Skip the pictures, and retype the data below in full, exactly.

Information provided —
▬▬▬
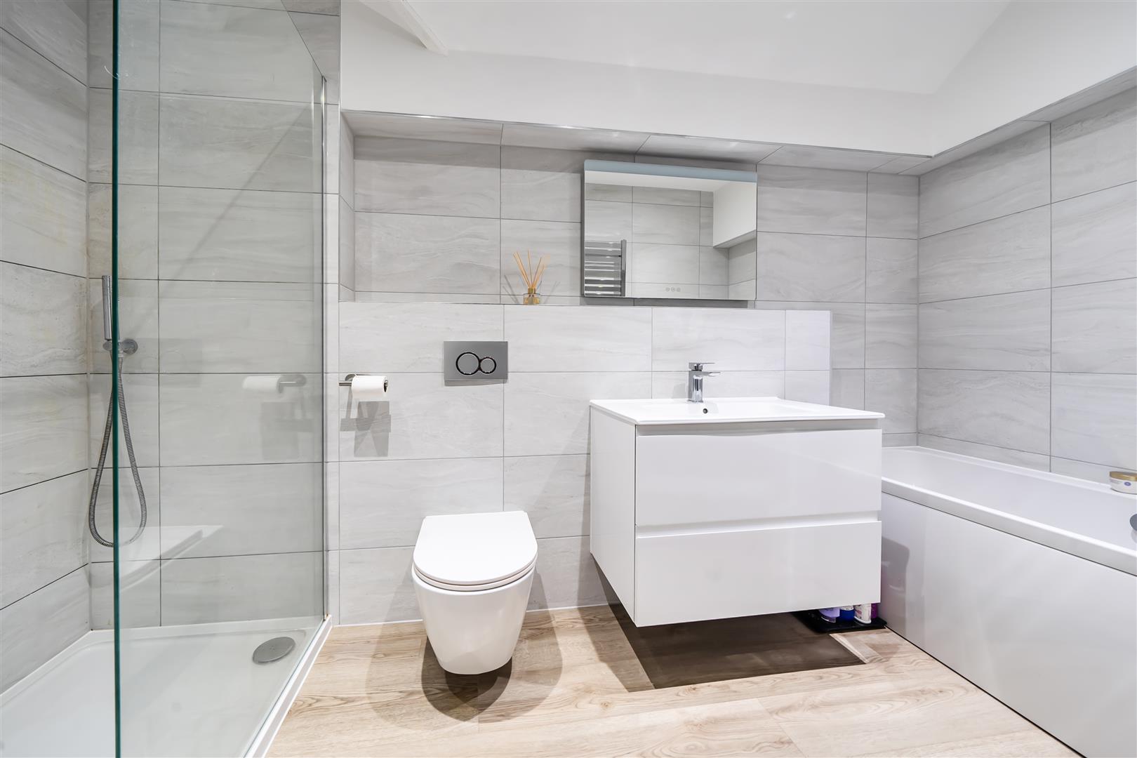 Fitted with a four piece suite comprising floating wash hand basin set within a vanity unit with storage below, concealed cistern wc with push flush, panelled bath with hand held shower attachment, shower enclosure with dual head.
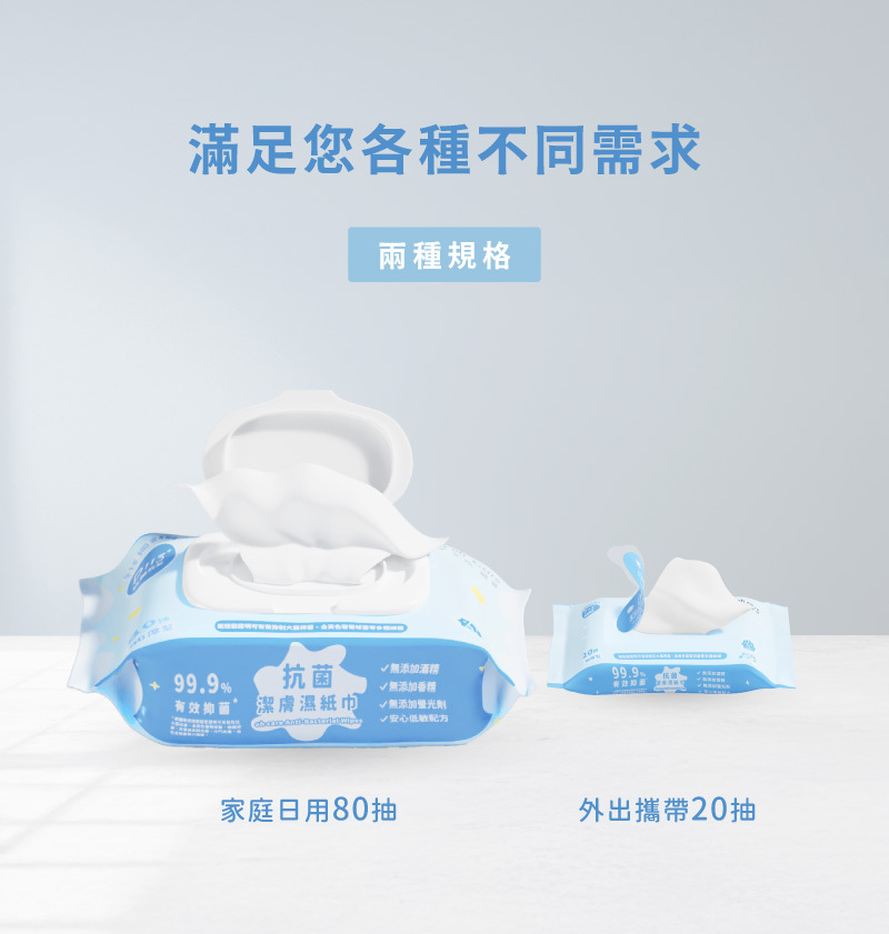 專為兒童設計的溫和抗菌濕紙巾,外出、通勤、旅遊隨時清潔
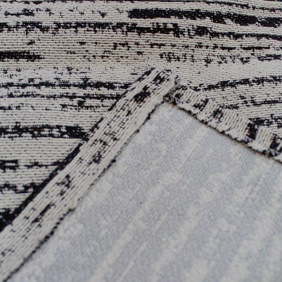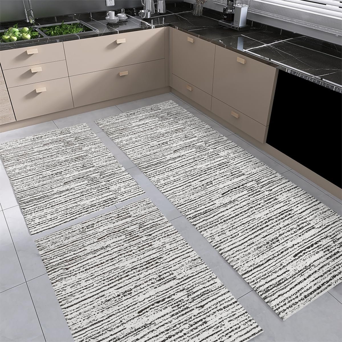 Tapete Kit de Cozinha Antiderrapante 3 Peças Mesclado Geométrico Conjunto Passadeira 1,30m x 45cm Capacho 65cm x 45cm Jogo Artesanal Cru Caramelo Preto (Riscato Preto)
▬▬▬
Response to the exercise —
 Fitted with a four piece suite comprising floating wash hand basin set within a vanity unit with storage below, concealed cistern wc with push flush, panelled bath with hand held shower attachment, shower enclosure with dual head.
 專為兒童設計的溫和抗菌濕紙巾,外出、通勤、旅遊隨時清潔
 Tapete Kit de Cozinha Antiderrapante 3 Peças Mesclado Geométrico Conjunto Passadeira 1,30m x 45cm Capacho 65cm x 45cm Jogo Artesanal Cru Caramelo Preto (Riscato Preto)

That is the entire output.